◆ **What you are asked to do**
Write out each line of the listing as it stands, without the images.
━━━━━ Data section
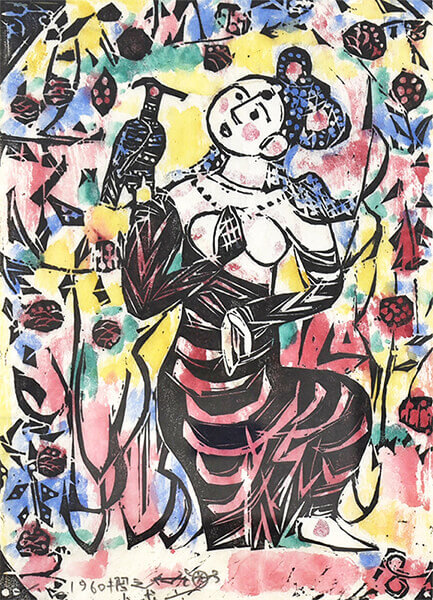 棟方志功は、生涯の中で女性像を数多く手がけ、その中には鳥を配した作品もいくつか制作しています。
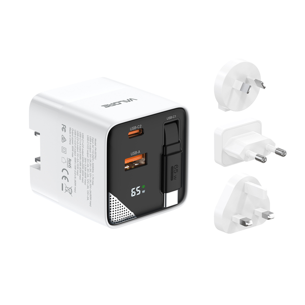Valore PD65W GaN Wall Charger with Digital Display, Built-in USB-C Cable and 2-Ports Model: PA-007AUCategory: Wall Chargers - PD65W Fast Charging - GaN Chip Technology - Charge 3 Devices Simultaneously - Retractable Cable - Digital Display - Universal Plug Input: AC 110-240V ~ 50/60Hz, 1.7A (max)Power: 65W (max)USB-C1/USB-C2 Output: 5V/3A, 9V/3A, 12V/3A, 15V/3A, 20V/3.25A (65W max)USB-A Output: 5V/3A, 9V/2A, 12V/3A, 20V/3A (60W max)USB-C1+C2 Output: 45V+20W (65W)USB-C1+A Output: 45W + 18W (63W max)USB-C2+A Output: 5V/3A (15W max)USB-C1+C2+A Output: 45W + 15W(USB-C2+A) (60W max)Materials: PCCable Length: 800mmDimension: 49.9
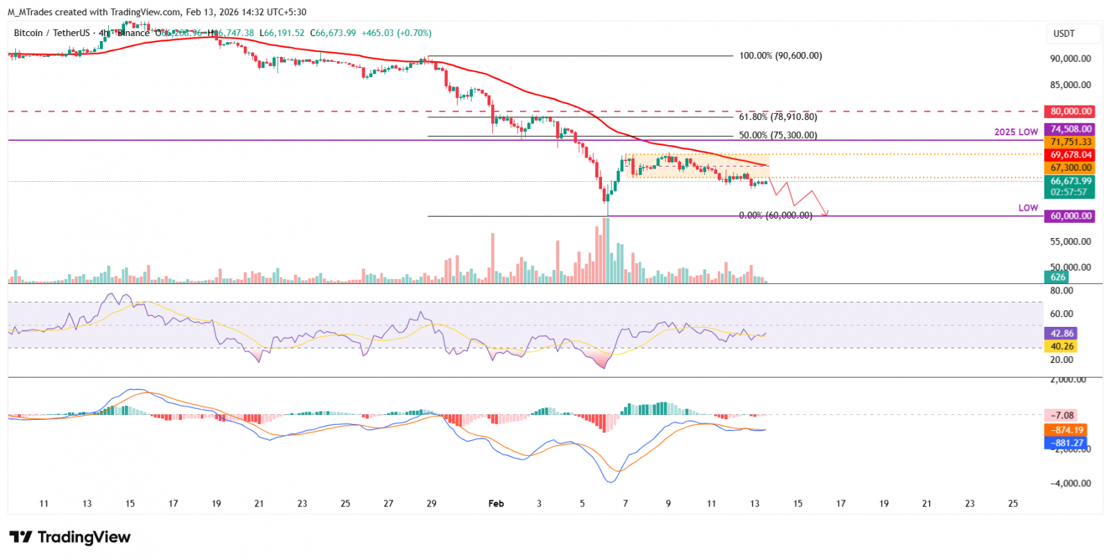 Si el $BTC enfrenta rechazo desde el límite inferior de consolidación en 67.300$, podría extender la corrección para volver a visitar el mínimo del 6 de febrero en 60.000$.
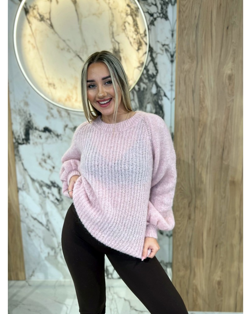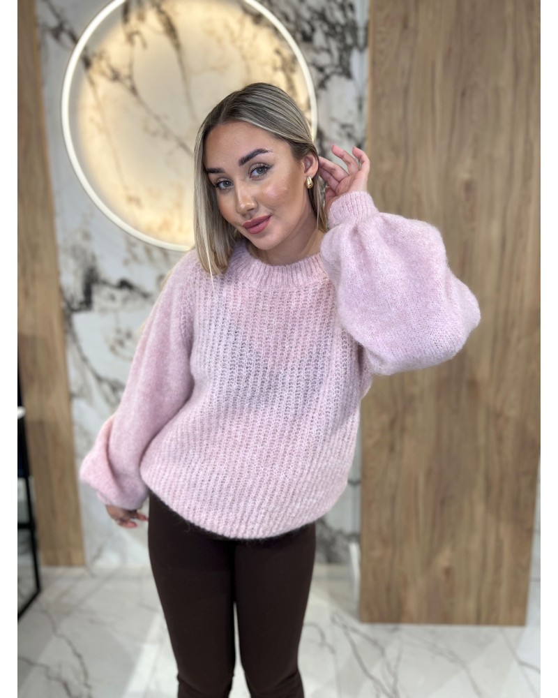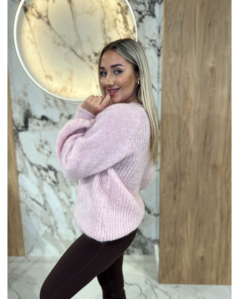 Sweter premium z bufiastymi rękawami By o la la...! pudrowy róż
━━━━━━━━━━
◆ **Task answer**
 棟方志功は、生涯の中で女性像を数多く手がけ、その中には鳥を配した作品もいくつか制作しています。
Valore PD65W GaN Wall Charger with Digital Display, Built-in USB-C Cable and 2-Ports Model: PA-007AUCategory: Wall Chargers - PD65W Fast Charging - GaN Chip Technology - Charge 3 Devices Simultaneously - Retractable Cable - Digital Display - Universal Plug Input: AC 110-240V ~ 50/60Hz, 1.7A (max)Power: 65W (max)USB-C1/USB-C2 Output: 5V/3A, 9V/3A, 12V/3A, 15V/3A, 20V/3.25A (65W max)USB-A Output: 5V/3A, 9V/2A, 12V/3A, 20V/3A (60W max)USB-C1+C2 Output: 45V+20W (65W)USB-C1+A Output: 45W + 18W (63W max)USB-C2+A Output: 5V/3A (15W max)USB-C1+C2+A Output: 45W + 15W(USB-C2+A) (60W max)Materials: PCCable Length: 800mmDimension: 49.9
 Si el $BTC enfrenta rechazo desde el límite inferior de consolidación en 67.300$, podría extender la corrección para volver a visitar el mínimo del 6 de febrero en 60.000$.
 Sweter premium z bufiastymi rękawami By o la la...! pudrowy róż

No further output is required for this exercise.